Rachelle Sprecher Fraenkel (רחל שפרכר פרנקל, romanized: Raḥel Shprecher Frahnkel; born 1968) is a Torah educator at Nishmat, The Jeanie Schottenstein Center for Advanced Torah Study for Women, and the director of Matan's Hilkhata Institute (Advanced Halakha Program) at Matan Women's Institute for Torah Studies. She became an international speaker after her son, Naftali Fraenkel, was kidnapped and murdered along with two other Israeli teens in 2014.

==Biography==
Fraenkel lives in Nof Ayalon, Israel. She studied at Bar Ilan University, Lindenbaum, Matan, & Nishmat. She serves as a Yoetzet Halacha for families observing the rabbinic laws of niddah, and was in the first graduating class of Matan's Advanced Talmud Institute.

==Political activism==
She was invited to speak at the United Nations Human Rights Council accompanied by the two other mothers: Bat Galim Shaer and Iris Yifrach. According to the New York Times, "She has become an international public figure, traveling to Geneva to speak to a United Nations committee, giving television interviews, meeting Israel's president and prime minister." She received press attention for her response to the hate crime that took place after the boys murder.
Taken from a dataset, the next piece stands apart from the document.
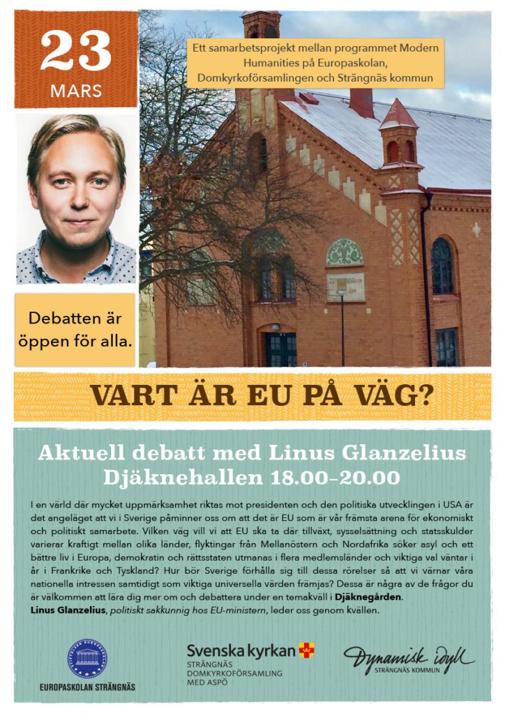 Vi träffas i Djäknehallen, klockan 18.00–20.00, torsdagen den 23 mars. leder oss genom temakvällen som är ett samarbete mellan programmet Modern Humanities på Europaskolan Strängnäs, Domkyrkoförsamlingen och Strängnäs kommun.
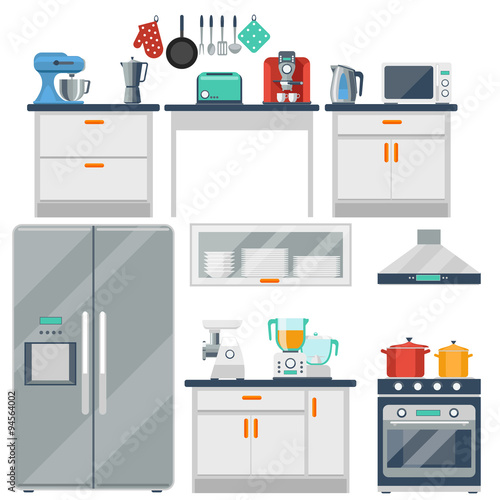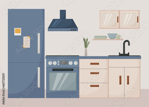 Векторная иллюстрация посудомоечной машины. Интерьер кухни с мебелью и бытовой техникой в плоском стиле. Микроволновая печь, бутылка вина и ваза с фруктами

At her son's funeral, Ha'aretz reported: "When Rachelle Fraenkel recited the Kaddish, the chief rabbi said 'Amen': The Mourner's Kaddish has never before been recited in public in Israel by an Orthodox woman of such stature and in front of cameras." (In Israel, it is not common for Orthodox woman to recite the mourner's Kaddish prayer.) The article said:Rachelle Fraenkel became a public leader, a national heroine, and, just as important, a religious heroine as well, over the 18 days that her son and his friends were missing. Both men and women looked up to her because of her restraint, her faith, and the profound statements she made about the prayers being offered for the three boys' return. Her statement to the young children she met at the Western Wall that, "God is not our employee", revealed a new religious language.

In November 2014, she spoke at an alternative rally in Tel Aviv commemorating the assassination of Yitzhak Rabin.

On January 1, 2015, The Jerusalem Unity Prize was announced, in memory of the slain teenagers, with Fraenkel as one of the prize judges.

In 2019 Fraenkel was honored as one of the torchbearers in the national Israeli Independence Day ceremony.